Winter is the time for comfort, for good food and warmth,
for the touch of a friendly hand and for a talk beside the fire:
it is the time for home.
The month of Margashirsha signals the start of the four-month long winter season – Hemanta & Shishir rtu. Hemanta rtu is the time of intense, deepening cold weather. As a season, winter takes us indoors and inwards. Kalidasa describes winters thus in his epic poem “Ritusamharam: A Gathering of Seasons”:
“It is a time that people pass
with a fire, or in bright sunlight,
with heavy garments for young ladies
and windows kept shut in the house.”
Ayurveda & the Winter Season
As the seasons change, so do we. In Ayurveda winter is the season of Kapha dosha dominance but with a strong Vata presence as well. This season is characterised by cold weather, heaviness and general dryness. For many winters also mean a rise in mucous related illnesses.
At its best, winter can translate to being a time of strength and stability. Our digestive fires are at their strongest in the winters. This is the time to consume warming spices, nuts and seeds, whole grains and root vegetables along with dark leafy green vegetables. Fats such as Ghee are also vital for wellbeing in winters. According to Ayurveda Sweet, Sour and Salty tastes should be predominant in the foods that we consume in winters. This is also a good time for the consumption of warming spices such as Cinnamon, Turmeric, Cloves and Black Pepper. If you do experience excess mucous build-up or congestion try to include these herbs and spices in your diet: Cinnamon, Black Pepper, Honey, Cardamom and Ginger. A simple way to enjoying the benefits of these spices and herbs is to make tisanes – just steep a small quantity of the desired herb or spice in half a cup of boiling hot water and drink.
Note: Honey should never be heated or steeped in hot water according to Ayurvedic principles.

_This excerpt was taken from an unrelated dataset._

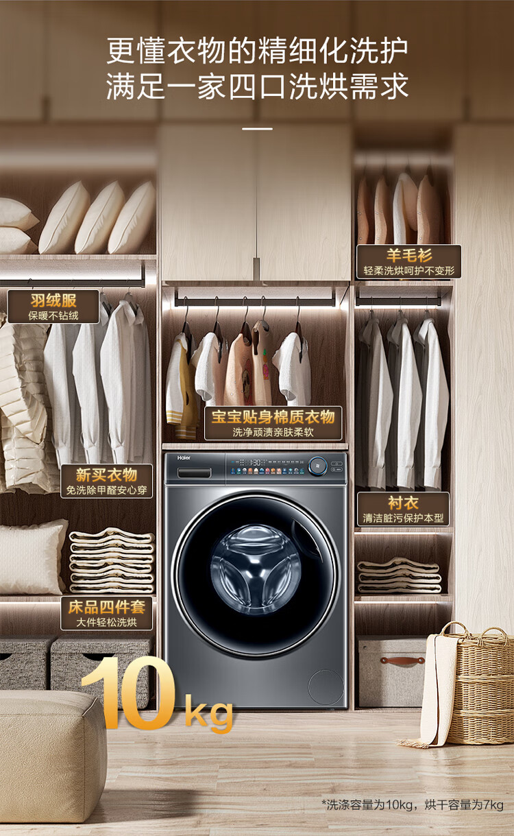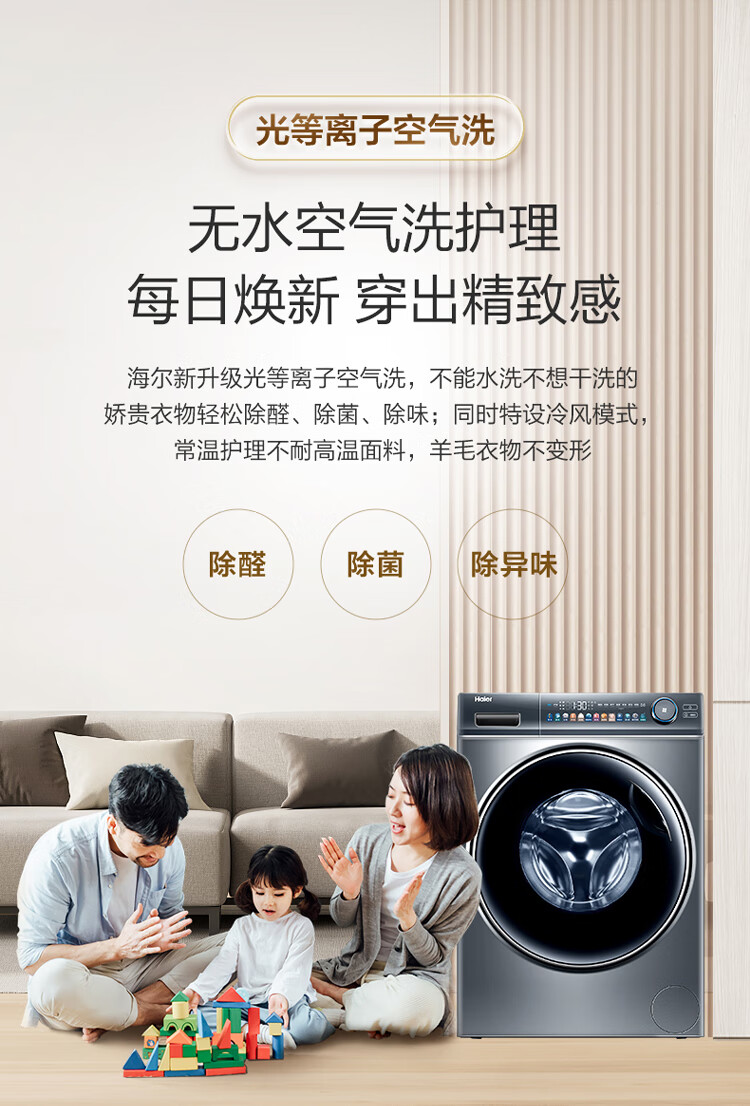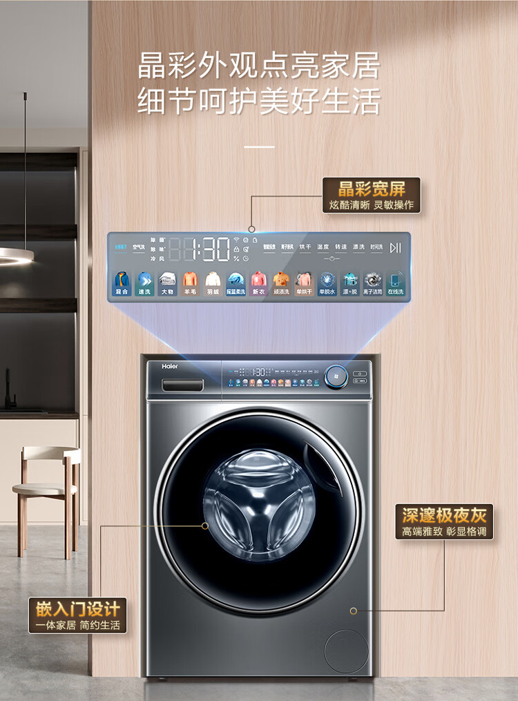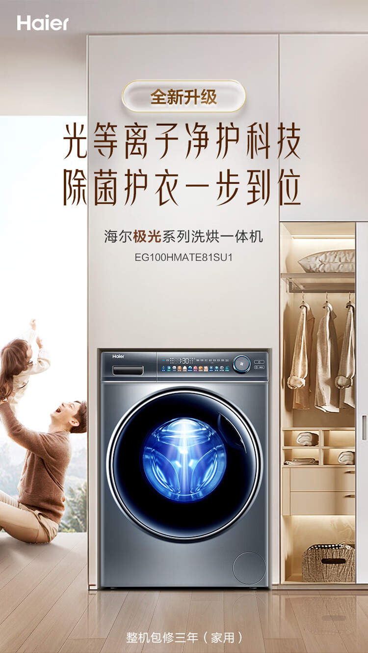 海尔(Haier)光等离子洗衣 10公斤平嵌洗烘一体 彩屏直驱变频 滚筒洗衣全自动 智能投放EG100HMATE81SU1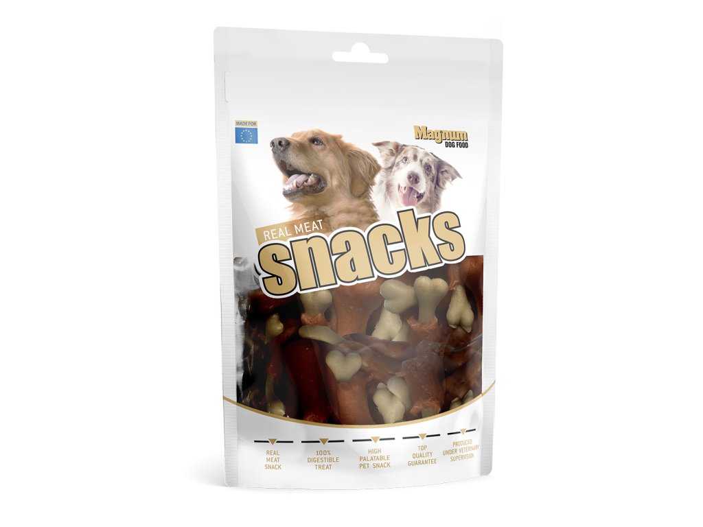 Měkká, přírodní masová pochoutka z kuřecího masa na křupavé kalciové kostičce. Slouží jako odměna při hře, výcviku nebo jako doplněk stravy při cestách.

More than any other season, winter is the time when exercise should be a regular part of our daily routine, because the Kapha dominance in the season can also lead to stagnation and sluggishness. Regular Abhyanga (a self-massage routine) with gently warmed oil is also excellent for maintaining supple skin, helping your circulation & pacifying Vata dosha.
Winters & SAD
The days are now filled with frost and fog. The skies seem grey as the warmth and presence of the Sun lessens. For many people this lack of sunshine and other aspects of the winter season can bring on SAD - Seasonal Affective Disorder. Those affected by it can experience lower energy, moodiness, tiredness, weight gain, oversleeping and general sense of gloominess. It is thought that the lack of sunlight can cause a drop in Serotonin levels for some people. And this can be one of the causes that lead to the experience of SAD. Serotonin is “a mood-enhancing chemical in the brain that affects mood, feelings of well-being and a way to regulate hunger. Serotonin also improves positive sleeping patterns for a more restful and rejuvenating slumber.” Natural light and certain foods can help increase Serotonin levels. For most people experiencing SAD a change in diet – including eating foods that naturally boost your Serotonin levels can help. These include: Nuts and seeds; foods and fruits rich in Tryptophan such as Pumpkin, Avocado and Banana; Leafy Green Vegetables such as Spinach, Mustard and Turnip Greens, Milk and Yoghurt and Pineapple. Medical consultation is advisable if your SAD symptoms are severe or remain persistent.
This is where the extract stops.